Internet Inter-AS Routing: BGP

• Border Gateway Protocol (BGP) is the de facto inter-domain routing protocol.
• The glue that holds the Internet together, with each AS advertising reachability information to other neighboring ASes, using internal (iBGP) and external (eBGP) routing.

Why Different Intra-, Inter-AS Routing

• Policy: control over how traffic is routed within and between ASes is more important in inter-AS than intra-AS.
• Scale: hierarchical AS structure to reduce the scale of routing tables.
• Performance: Intra-AS routing optimization, while inter-AS routing performance is controlled by policy.
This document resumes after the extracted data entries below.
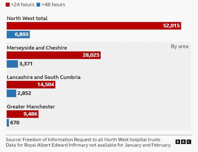 More than 52,000 patients waited longer than 24 hours to be admitted to hospitals across north-west England last year, a BBC investigation has revealed. Known as “corridor care”, patients are lining up on trolleys or sitting on chairs, stuck in A&E because there are no beds for them in the wards. The Royal College of Nursing has described the situation as a “national emergency” and called on the government to end the practice.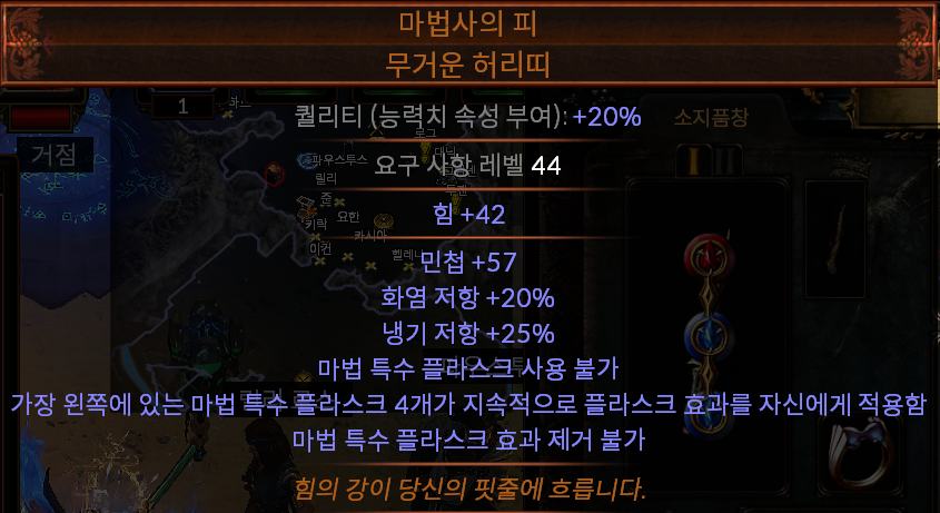 그리고 나머지 플라스크 1개는 꼭 오리아스의 종말 플라스크를 활용해서 답답한 맵핑 능력을 꼭 보완해주어야 합니다.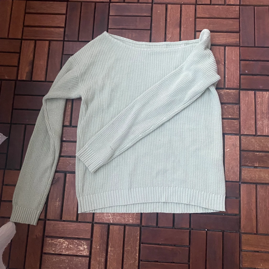 Snygg off shoulder tröja, den är ljust mintfärgad , lite svårt att se på bilden 😅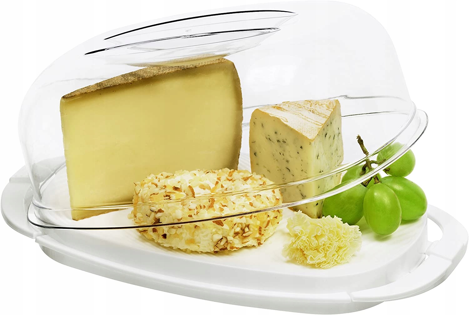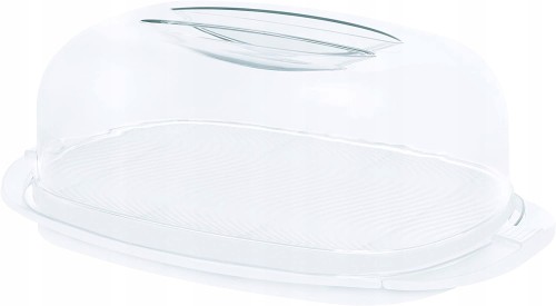 Pojemnik na ser FRESH o pojemności 5 litrów przyciąga wzrok ze względu na przyjemny kształt, który wzbogaca każdy bufet. Przezroczysta pokrywa umożliwia w każdej chwili wgląd w zawartość pojemnika o wymiarach 290 x 170 x 105 mm (dł. X szer. X wys.). Kopułka do sera FRESH posiada bezpieczny mechanizm blokujący: pokrywę odblokowuje się przez lekkie naciśnięcie i można ją łatwo otworzyć. Lekko uniesiona podstawa pudełka na ser nie ma przeszkadzającej krawędzi, co ułatwia cięcie. Plastik bezpieczny dla żywności ze zrównoważonej produkcji gwarantuje trwałość i długowieczność.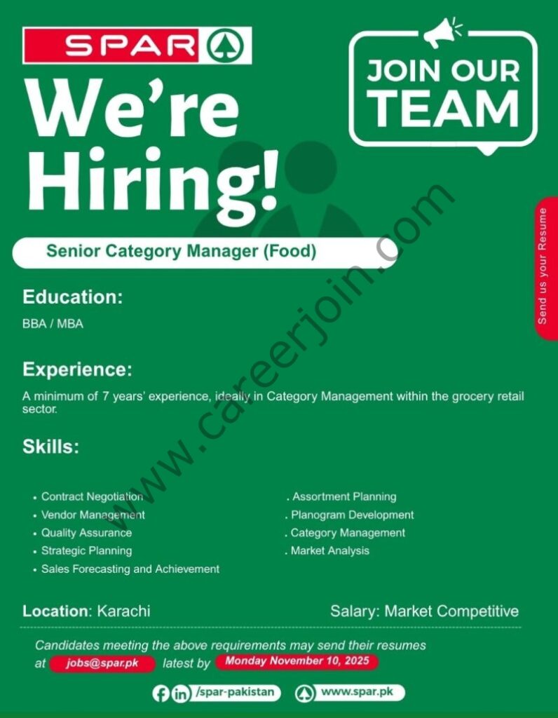 SPAR Pakistan Jobs Senior Category Manager (Food)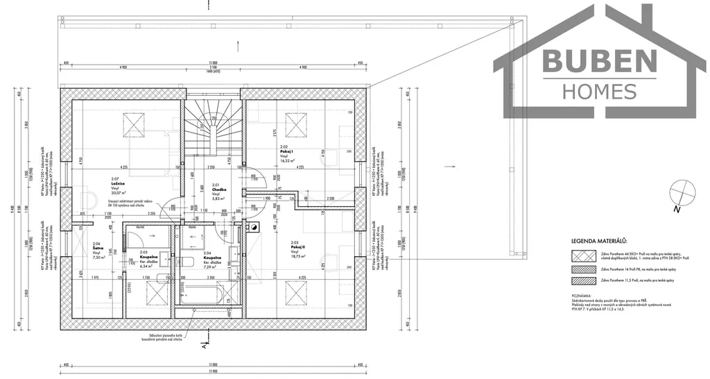 Přízemí domu tvoří vstupní chodba, samostatné WC, šatna, technická místnost, prostorná obývací hala s kuchyní se spíží, se vstupem na terasu a pracovna. V patře jsou vybudované tři prostorné ložnice (jedna se samostatnou koupelnou s WC - sprchový kout) a druhá koupelna s WC (vana, sprchový kout).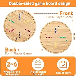 【High Quality And Exquisite Products】This board game is made of high-quality solid wood material, which is sturdy and durable. The game board is exquisitely crafted with clear printing, and the top layer also has a waterproof protective coating to protect the board from fading. Our marble beads are also made of natural high-quality marble as raw materials. They have bright colors, good glossiness, and a very beautiful appearance. 【Perfect Gaming Experience】Our product is fully equipped, including a large game board of 20 "x 20" x 0.8 ", equipped with 30 marble chess pieces in 6 colors, and 6 dice. We have prepared all the necessary items for the game for you, hoping to give you a perfect gaming experience. We have also prepared storage bags and color box packaging for the product, which can better store and prevent loss. 【Two-Sided Designs】Our game board adopts a double-sided design, which makes reasonable use of space. On the front is a 6-person marble game, and on the back is a 4-person marble game. It can be used for both family parties and friend gatherings. It will bring you more fun. 【An Excellent Choice For Giving Gifts】Our product is suitable for all ages and is a very classic game that has always been popular. Not only is it perfect for buying and playing with family and friends, but our exquisite packaging also makes it perfect as a gift for gaming enthusiasts. 【After-Sale Service】Our products are checked for their condition before shipment, and packaging with pearl cotton in color boxes can better protect the products. We are committed to providing you with the best shopping experience. If you have any problems with receiving the goods, please do not hesitate to contact us, and we will patiently solve it for you.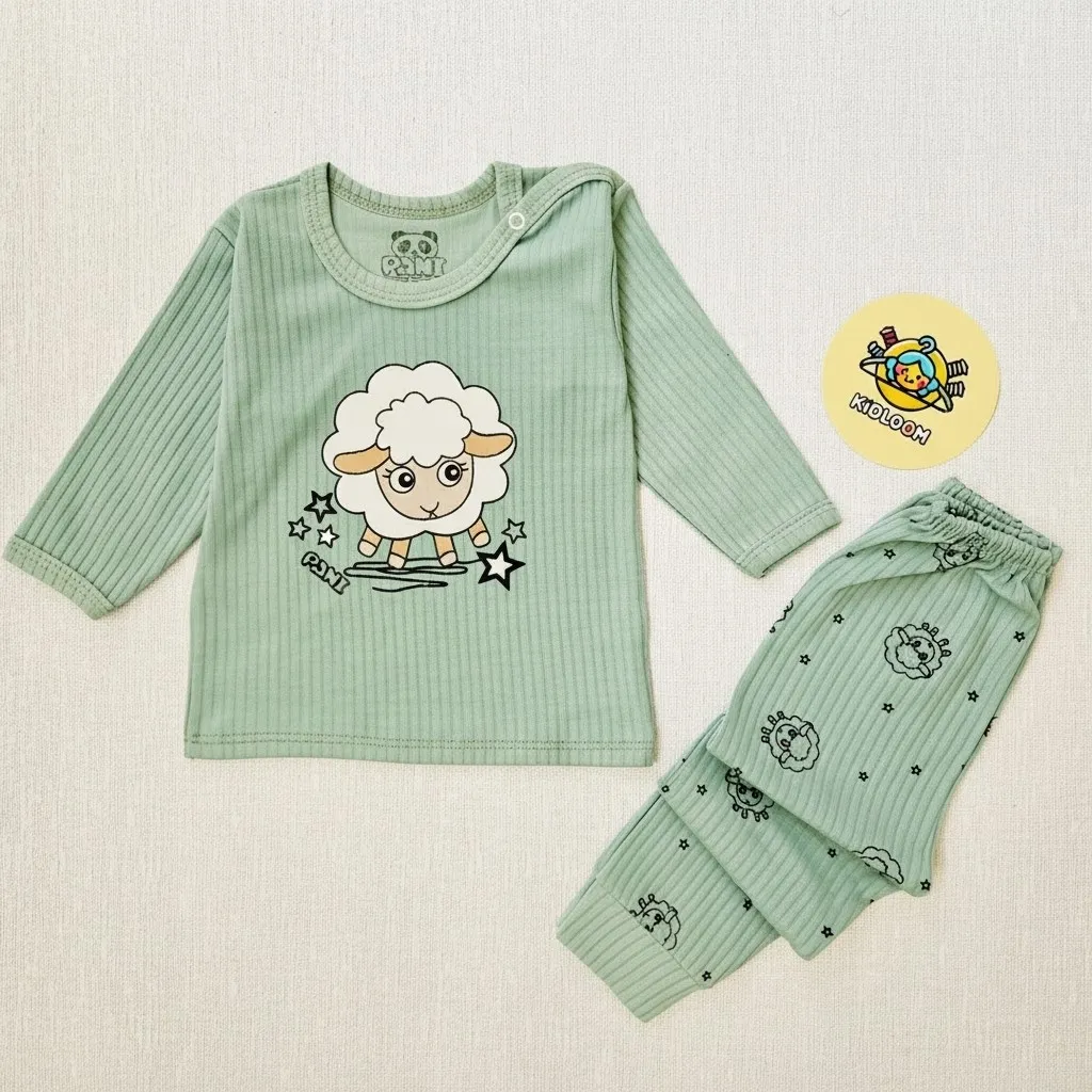 ست لباس راحتی نوزاد طرح گوسفند کبریتی پنبه ای نرم و کشی مناسب 0 تا 24 ماه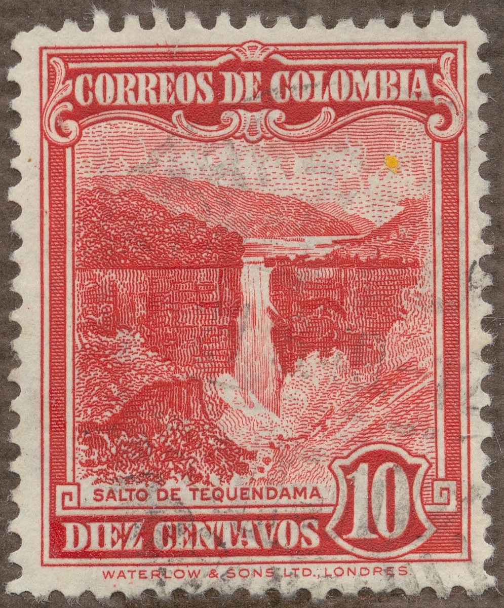 Frimärke ur Gösta Bodmans filatelistiska motivsamling, påbörjad 1950. Frimärke från Colombia, 1948. Motiv av Vattenfallet Tequendama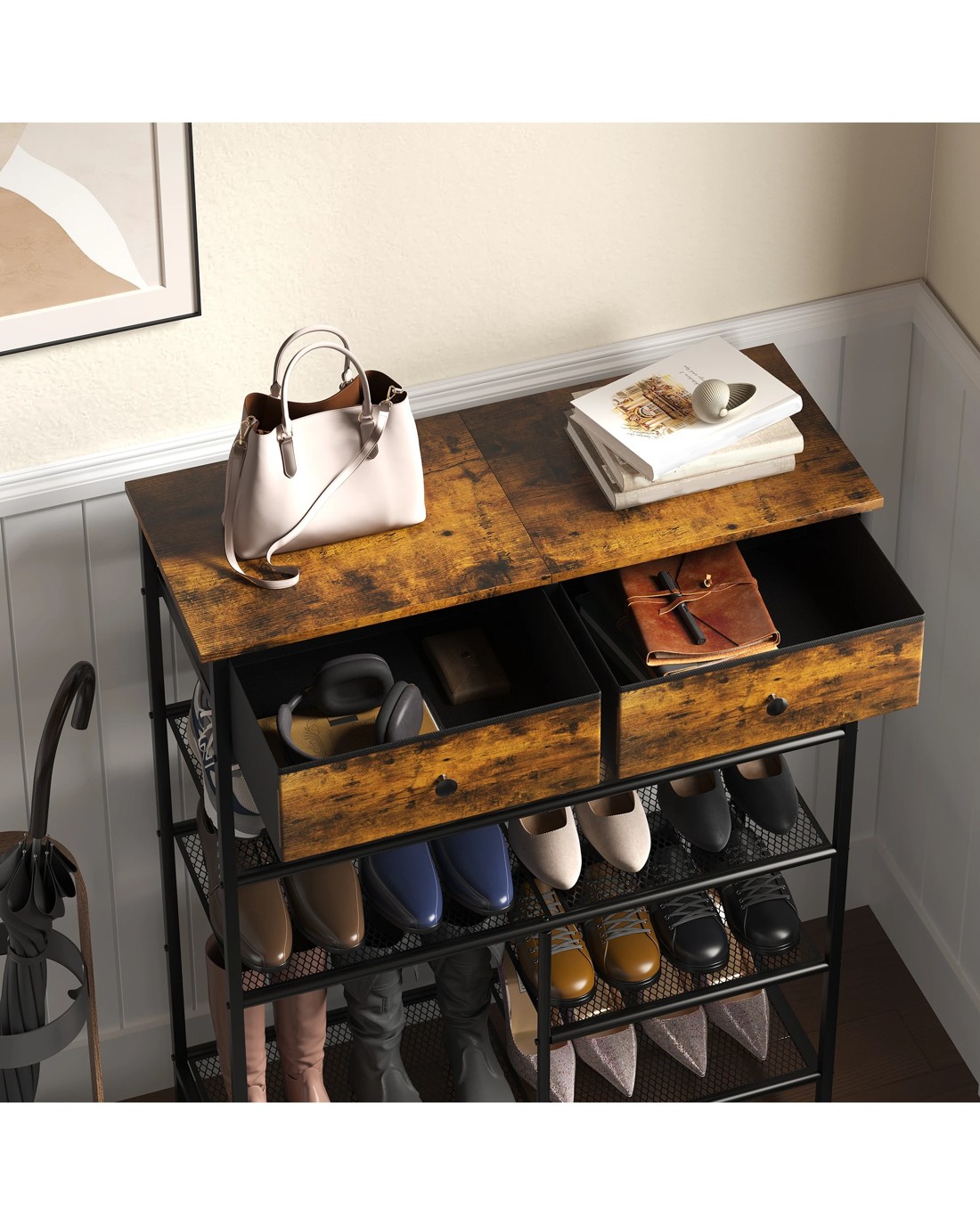Shoe Rack with Drawers: This versatile shoe rack features two non-woven drawers, perfect for storing everyday essentials like keys, gloves, dog leashes, hats, and scarves. Keeping your entryway neat and organized is easy.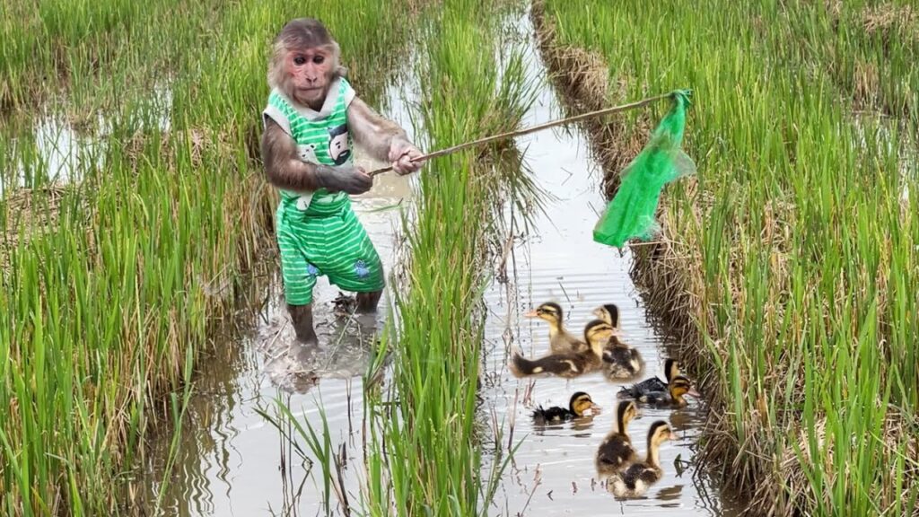 As they reached the rice field, the ducks joyfully splashed into the water. They spread out, swimming, eating insects, and helping clean the field naturally. Cutis watched proudly—he felt like he was doing something very important. His dad patted him on the shoulder and said, “Good job, son. The ducks love your help!”

Software Defined Networking (SDN)

• Distributed, per-router control approach to network control plane.
• SDN has a central controller (network OS) that manages and installs forwarding tables in the network switches.
• Separate control and data planes.

SDN: Selected Challenges

• Hardening the control plane for dependability, reliability, and performance.
• Robustness to failures.
• Distributed system for dependability and security.
• Meeting specific requirements (e.g., real-time, ultra-reliable, ultra-secure).
• Internet-scaling.
• 5G cellular networks use SDN.

SDN and the Future of Traditional Network Protocols

• SDN computing versus traditional router computing: (table creation).
• SDN computing congestion control.

Network Layer: "Control Plane" Roadmap

ICMP: Internet Control Message Protocol

• Used by hosts and routers for communicatiing network-level information.
• Error reporting (e.g, unreachable hosts, networks, or ports), and other (control) communication.
• ICMP messages use IP datagram protocol.
• Include messages for echo request/response (ping).

Traceroute and ICMP

• Traceroute uses ICMP to determine the paths to a destination.
• ICMP messages are used to report the source and intermediate routing processes.

Network Layer: "Control Plane" Roadmap

What is Network Management?

• Managing autonomous systems (networks) of thousands of interacting hardware and software components
• Similar to jet airplane, or nuclear power plant management.

Components of Network Management

• Managing server (entity) and devices (equipment) that have configuration and operational data stored in a MIB database (management information base)

Network Operator Approaches to Management

• CLI (command-line interface), SNMP, MIB, NETCONF, and YANG techniques
• Protocols for managing networks

SNMP protocol

• Two ways to communicate data and operational commands; request/response, and trap mode.

SNMP Protocol (Message Types)

• Detailed table of SNMPv3 PDU types.

SNMP: Management Information Base (MIB)

• MIB (management information base): defines managed devices' operational and some configuration data.

Note: Exercises

• Multiple exercises on calculating network costs in different scenarios and network designs using Bellman Ford algorithm.

Description

Test your knowledge of Software-Defined Networking (SDN) concepts, including centralized control, the role of controllers, and the Distance Vector Algorithm. This quiz covers both the theoretical principles and practical components of SDN architecture and algorithms. Whether you are a student or a professional, this quiz will help reinforce your understanding of these critical networking technologies.